Umut etmek inanmamaktır. İnanmazsın ama umut edersin, gerçek olma ihtimaline karşılık, olmama ihtimali de vardır. Ama inanmak bilmektir. Gerçek olduğunu bildiğin için inanırsın; öyledir, başka ihtimal yoktur. Bu yüzden, sınanmamış inanç gerçek bir inanç değildir. Çünkü gerçekten inanıyorsan, zaten öyle olduğunu da biliyorsundur/bilmen gerekir..
Gerçek bir inançta ikinci bir ihtimal, başka bir olasılık yoktur. Senin adının ne olduğunu bilmen gibi.. Sana başka bir isimle seslenildiğinde, dönüp bakmazsın bile veya durum onu gerektirdiği için baksan da, adından şüpheye düşmezsin, bilirsin. Gerçek inanç bilmektir ve bu yüzden de sınanmadan gerçek olamaz inancın..

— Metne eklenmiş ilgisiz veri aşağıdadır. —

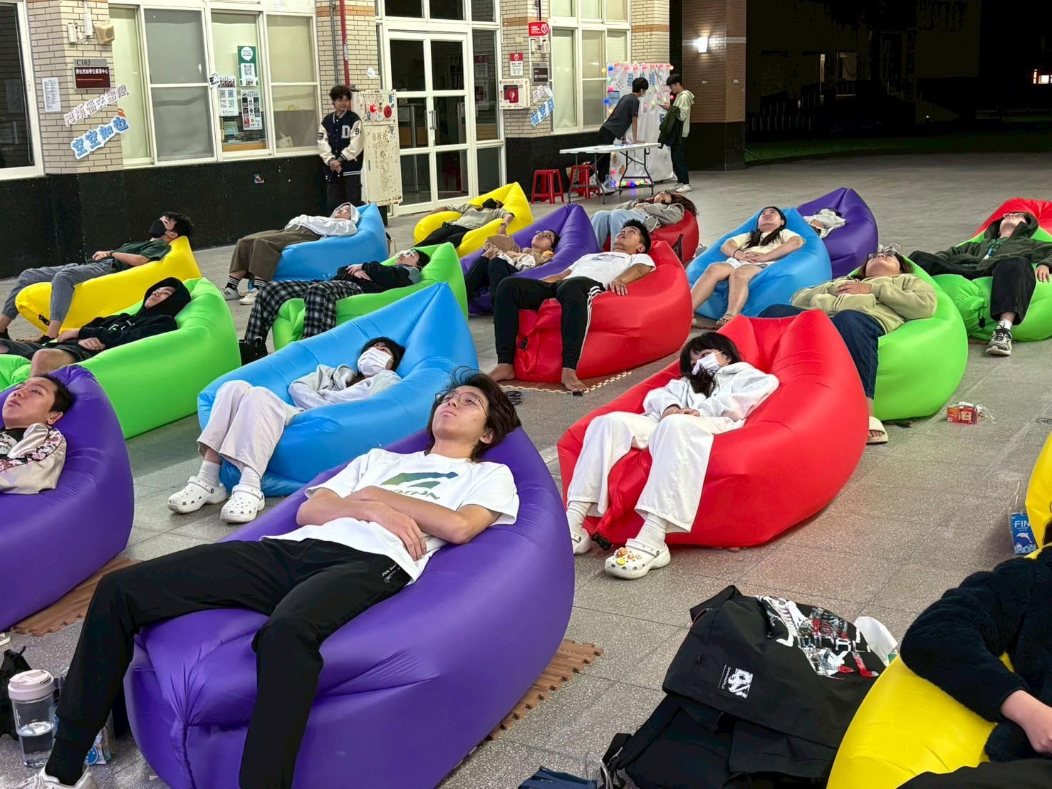 「超級放空日」以協助學生在繁重課業後重新調整步伐為核心,設計動靜皆宜兩大主題體驗。活動現場氣氛溫馨而放鬆,「放空大賽」以趣味十足的形式,引導平日忙碌的學子進入真正靜心狀態,在輕鬆的氛圍中釋放累積已久壓力,不少參賽者在過程中甚至「舒服到睡著」。另一側的「編靜手作」則展現跨界合作創意,特別邀請空軍防空暨飛彈第七九二旅派員蒞校授課,帶領學生透過專注於指尖的編織規律,體驗手作帶來的沉澱與平靜。兩類活動節奏截然不同,卻共同構築一個能安心停下來、放下壓力的友善場域。活動結束後,學生回饋極為熱烈,不少同學直呼活動「可愛又好玩」、「雖然真的放空到有點想睡覺,但期中考後可以稍微休息蠻開心的」,也有學生對工作人員表現給予高度評價,表示主持人與團隊「親切、有活力」,更有人留言許願「下次還想再來吃點心」。
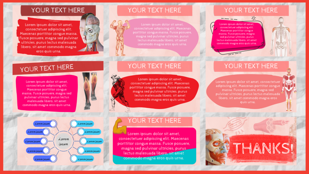 Custom editable PowerPoint Template, Presentation Muscular System Clinical Case.
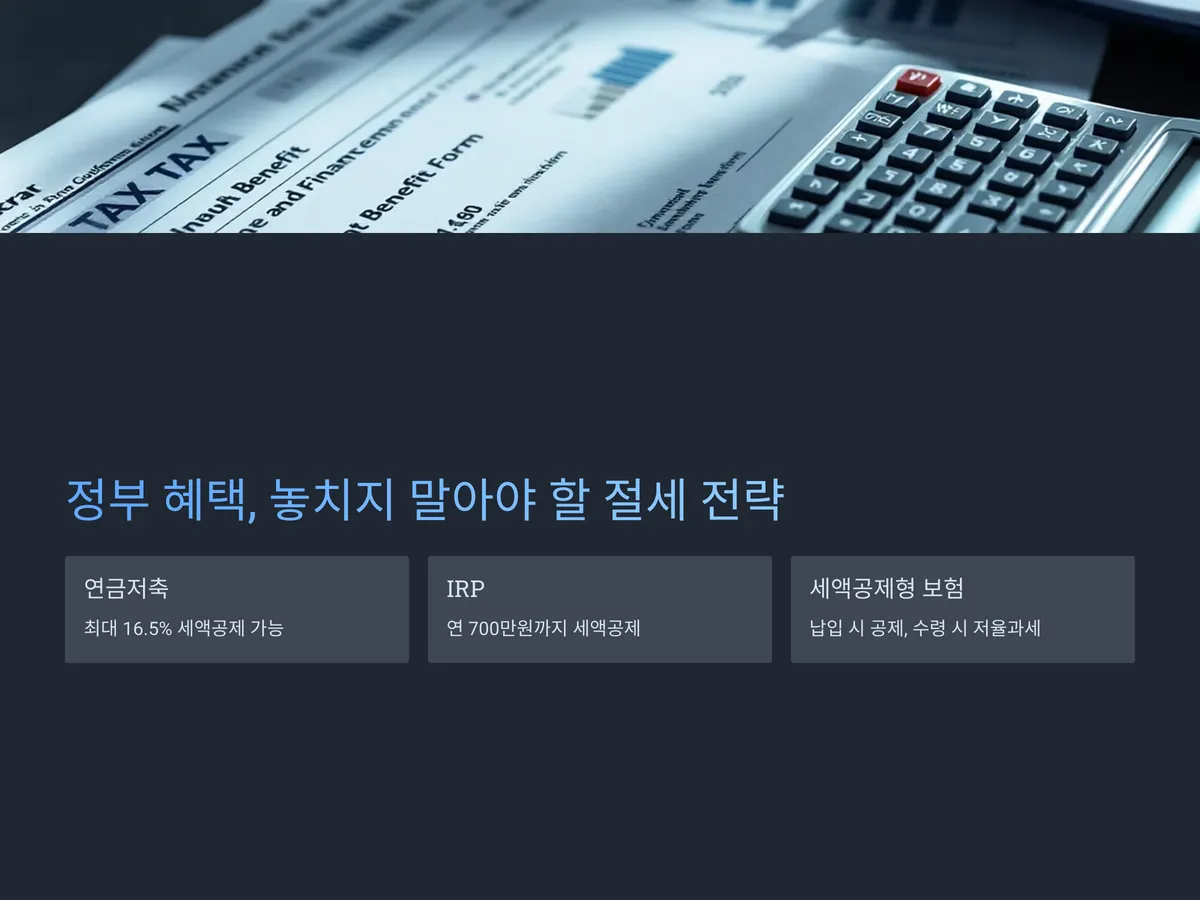노후 준비를 하며 절세 전략을 함께 세운다면 자산 누수를 줄이고 효율적인 자산 운영이 가능합니다. 대표적인 수단으로는 연금저축, IRP(개인형 퇴직연금), 세액공제형 보험 등이 있습니다. 이들 상품은 납입 시점에서 최대 16.5%까지 세액 공제를 받을 수 있고, 수령 시점에는 일정한 조건 하에 저율 과세 또는 비과세가 가능합니다.
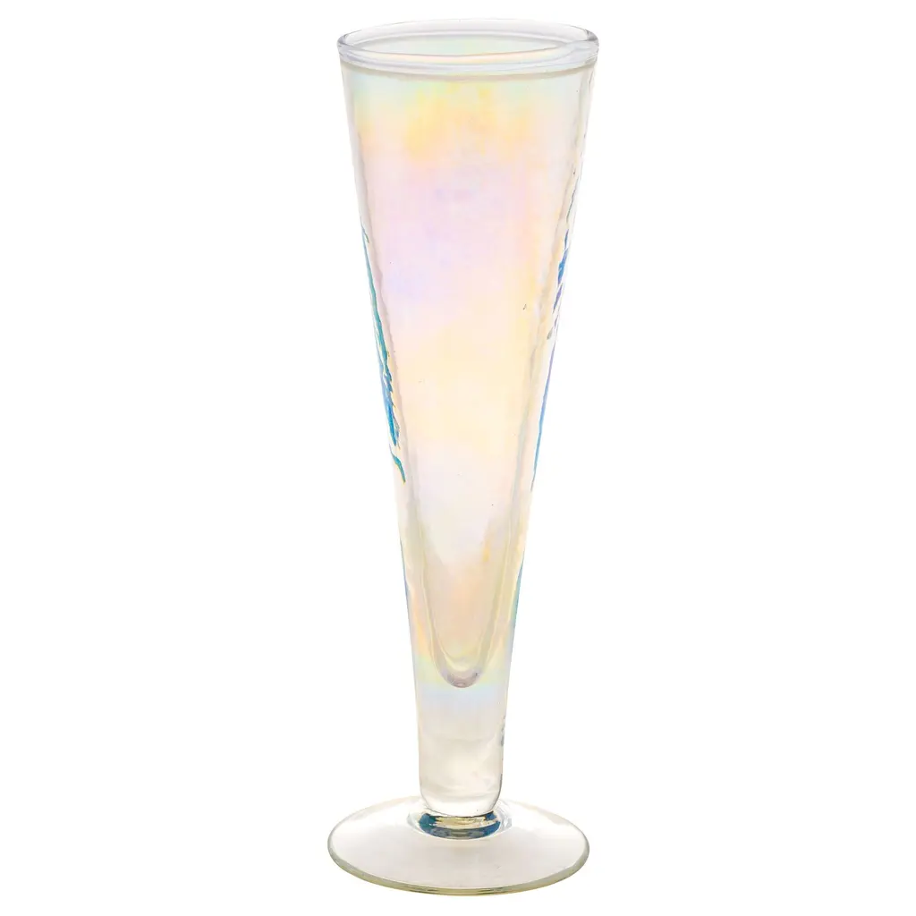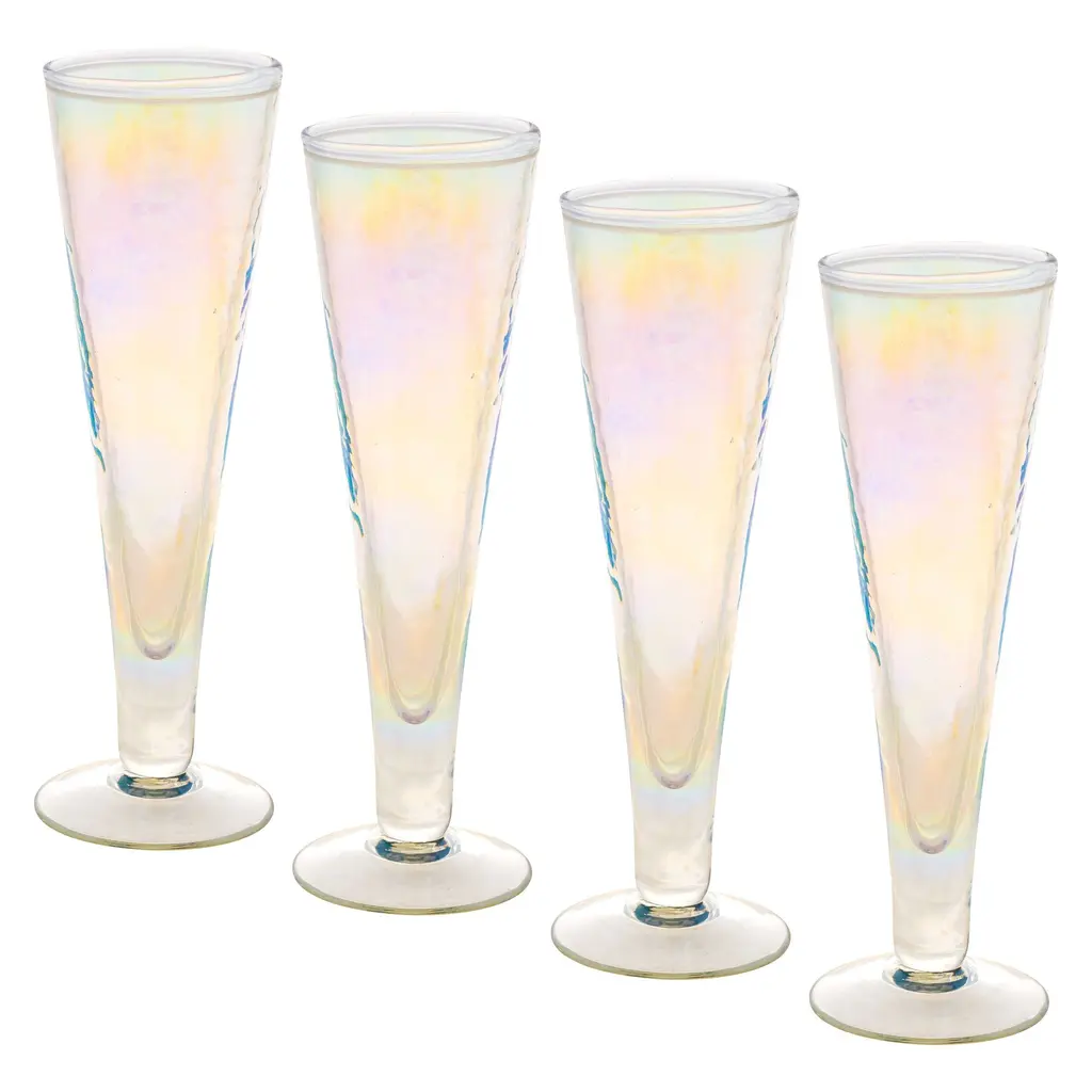 Drink in style with our trendy glass drinkware! Add a pop of color to your glassware and get a full set to make your kitchen complete. These Champagne flutes are versatile and sure to add some decoration to any table or cabinet. They are food safe and available in five different iridescent glass colors.Details Set of 4 Food safe Dimensions Approx. 8.25” Approx. 6.4 oz. Material GlassCare Tips Hand wash

Kabul ve inanç farklı şeylerdir. Gerçekten inanmak için o inancın sınanmış olması, yani deneyim yoluyla uygulanmış ve böylece idrak edilerek içselleştirilmiş olması gerekir. Ancak o zaman gerçek bir inançtan söz edebiliriz. Bunun dışındakiler umut etmek, ummak veya kabul ya da toplumsal bilincin empoze ettiği ve çoğunluğa uyum sağlamak için kendimizle bütünleştirdiğimiz otomatik alışkanlıklardır.
İman inancın sınanmamış halidir, deneyimle uygulandığında gerçek bir inanç olur. Küçükken okuduğum bir hikaye vardı:
''Bir adamın evine hırsız girer, sesi duyan adam odaya girdiğinde hırsızla yüz yüze gelir. Hırsız elinde bıçakla saldırmaya hazır karşısında durmaktadır. Adamın hiç tepki vermediğini görünce şaşırır ve neden korkmadığını sorar. Adam da der ki, ben Allah'a inanıyorum. Eğer şu an benim ölme zamanımsa, sen bunun için evime gönderildin ve ne yaparsam yapayım öleceğim. Eğer ölme zamanım değilse de, beni zaten öldüremezsin. Öyleyse neden korkayım ki..''
Hatırladığım kadarıyla böyle bir hikayeydi. İşte inancın sınanması ve ancak sınanmış inancın gerçek bir inanç olması tam olarak budur. Deneyimin içindeyken ve olaylar inancımızı ortaya koymamızı gerektirdiğinde verdiğimiz tepki, inancımızın gerçek mi sahte mi olduğunu ortaya çıkarır. Sınanmanın derecesi de, inancımızın gücü oranında artar. Ne kadar çok inanmışsak, yani inandığımızı sanıyorsak, o kadar güçlü sınanırız, o kadar zorlar inancımızı deneyim. Ve ancak bu sınanmadan geçtikten sonra gerçek bir inanca sahip oluruz veya inancımızı kaybederiz. İşte bu yüzden, tekrar ve tekrar söylüyorum ki, sınanmamış bir inanç, gerçek bir inanç değildir.
Sınamak: Denemek, yoklamak, test etmek demektir. inanç demek şüphe duymamak demek. O yüzden sınanmamış inanç yerine asıl vermek istediğiniz yada benim anladığım şekliyle: deneyimlenmemiş(yaşayarak tecrübe edilmemiş) inanç, inanç değildir diyebilirsiniz. Bu biraz yanlış ifade gibi. Yine de yazınızın özü anlaşılıyor.